[Phase1] Partition and Sort Enforcement rule #3855

mingmwang · 2022-10-17T04:09:12Z

Which issue does this PR close?

Closes #3854
Closes #3653
Closes #3400
Closes #189,

Rationale for this change

What changes are included in this PR?

Add methods required_input_ordering() to ExecutionPlan trait to specify the ordering requirements
Fix output_partitioning(), output_ordering(), required_input_distribution() in couple of trait implementations
Add BasicEnforcement rule to ensure the Distribution and Ordering requirements in the physical plan tree
Add method equivalence_properties() to ExecutionPlan trait to discover the equivalence properties in the physical plan tree
Add convenience utils for writing optimizers rule:
transform()/transform_down()/transform_up()
Implement PartialEq<dyn Any> for PhysicalExpr

Are there any user-facing changes?

mingmwang · 2022-10-17T10:40:29Z

@alamb @Dandandan @andygrove @tustvold @thinkharderdev @yahoNanJing
Please help to take a look.

mingmwang · 2022-10-17T10:57:18Z

Looks like the build failed with following error, any idea?

cargo check --manifest-path datafusion-cli/Cargo.toml --locked
3
shell: sh -e {0}
4
error: the lock file /__w/arrow-datafusion/arrow-datafusion/datafusion-cli/Cargo.lock needs to be updated but --locked was passed to prevent this

alamb · 2022-10-17T14:03:15Z

cargo check --manifest-path datafusion-cli/Cargo.toml --locked
3

I think you need to do cd datafusion-cli && cargo update && git commit -a -m 'Update lock' -- will try and review this PR later today

alamb · 2022-10-17T21:22:29Z

I ran out of time today to review this but I plan to do so tomorrow

alamb

This is looking pretty neat @mingmwang but it is basically impossible for me to carefully review such a large PR. I wonder if you can break it down into pieces so we can get it in?

Possible split:

Add PhysicalExpr::children() and PhysicalExpr::new_with_children
the code for iterating / manipulating physical exprs
The code for calculating equivalence properties (and tests)
The code in datafusion/core/src/physical_optimizer/enforcement.rs

alamb · 2022-10-18T12:53:31Z

datafusion-cli/src/object_storage.rs

    let mut builder = GoogleCloudStorageBuilder::new().with_bucket_name(host);

-    if let Some(path) = env::var("GCP_SERVICE_ACCOUNT_PATH").ok() {
+    if let Ok(path) = env::var("GCP_SERVICE_ACCOUNT_PATH") {


these are nice cleanups but not directly connected to the other tickets in this PR. Were they suggested by clippy or just things you saw as you were reviewing the code?

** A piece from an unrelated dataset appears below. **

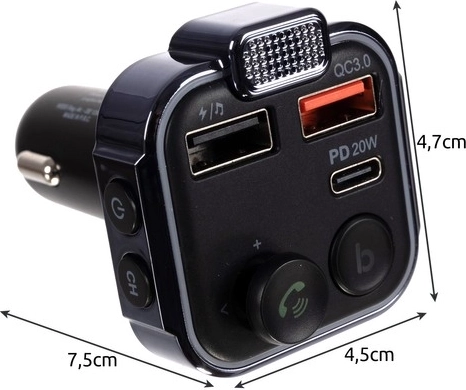 Praktičen Bluetooth FM oddajnik z avtomobilskim polnilnikom XTROBB spremeni vsak avtoradio v moderno multimedijsko središče. Ponuja Bluetooth 5.0, prostoročno telefoniranje, dva USB in USB‑C z inteligentnim hitrim polnjenjem, LED-zaslon in deluje v vozilih z 12–24 V. Združljiv z iOS in Android ter podpira predvajanje z USB-ključka.
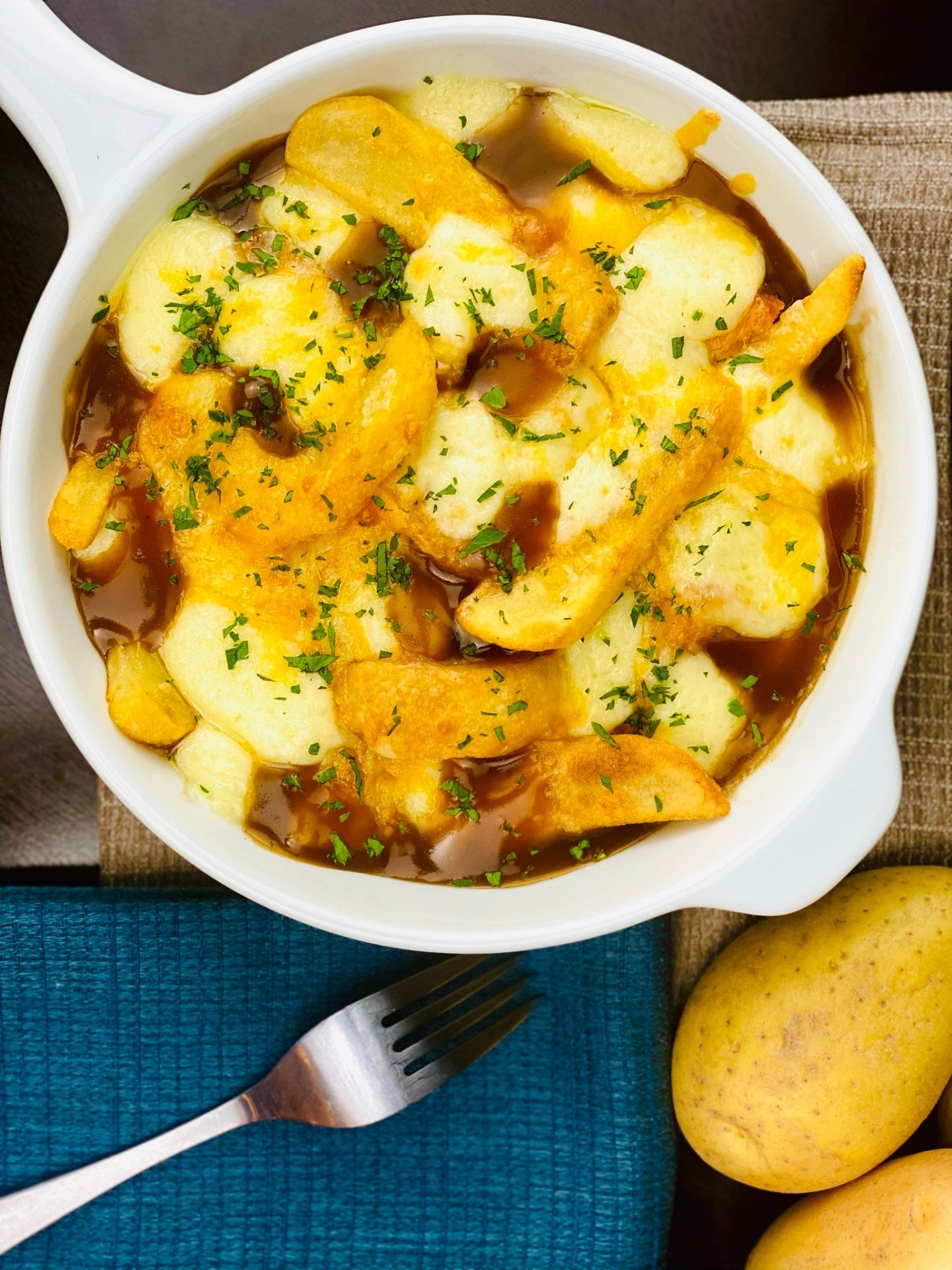 3. Cover the fries in the gravy and top with the shredded cheese. Place the fries under a broiler until the cheese is melted and just beginning to get brown in spots.  Remove from the oven and garnish with the chopped herbs.  Serve immediately. Enjoy!

Yes, they are suggested by the clippy, so I have to change accordingly.

alamb · 2022-10-18T13:03:21Z

datafusion/core/src/physical_plan/mod.rs

+            .any(|dist| matches!(dist, Distribution::SinglePartition))
    }

+    /// Get a list of equivalence properties within the plan


Can you please expand on this function's doc string -- specifically it would be nice to:

define what "equivalence" means (is it equality? Does it include nullability?)

explain what the Vec<Vec<Column>> represents(a set of equivalence properties?) Can there be duplicates? vec[vec[col("A"), col("B")], vec[col("A"), col("C")]?

explain what happens if an operator does not return any equivalence

Some examples of what changes are made based on this information would likely also be helpful

Sure, I will add more doc. I will also refine the interface to make it clear, something like this.

fn equivalence_properties(&self) -> Vec<EquivalenceProperties>;

struct EquivalenceProperties { /// First element in the EquivalenceProperties head : Column, /// Other equal columns others : Set<Column>, }

And it doesn't allow duplicates or intersections, the two EquivalenceProperties will be combined/merged if there is intersection.

See this method:

pub fn combine_equivalence_properties( eq_properties: &mut Vec<Vec<Column>>, new_condition: (&Column, &Column), )

And If an operator does not return any equivalence properties, it will not impact the correctness, but the optimizer might choose a non-optimal plan(with additional unnecessary SortExec/RepartitionExec)

Equivalence property is a very useful concept, it is also mentioned in the "Incorporating Partitioning and Parallel Plans into the SCOPE Optimizer" paper:

A set of columns that are known to have the same value in all tuples of a relation belong to a column equivalence class. An equivalence class may also contain a constant c, which implies that all column in the class have the value c. Equivalence classes are generated by equality predicates, typically equijoin conditions and equality comparisons with a constant.

http://www.cs.albany.edu/~jhh/courses/readings/zhou10.pdf

And PostgreSQL optimizer also implemented the EquivalenceClasses and the join reodering can leverage this.

EquivalenceClasses selection

https://github.com/postgres/postgres/tree/f4c7c410ee4a7baa06f51ebb8d5333c169691dd3/src/backend/optimizer

In future, I would suggest to introduce the equivalence properties to logical plan also, couple of logical optimization rules can benefit from it, like FilterPushDown, EliminateFilter, etc.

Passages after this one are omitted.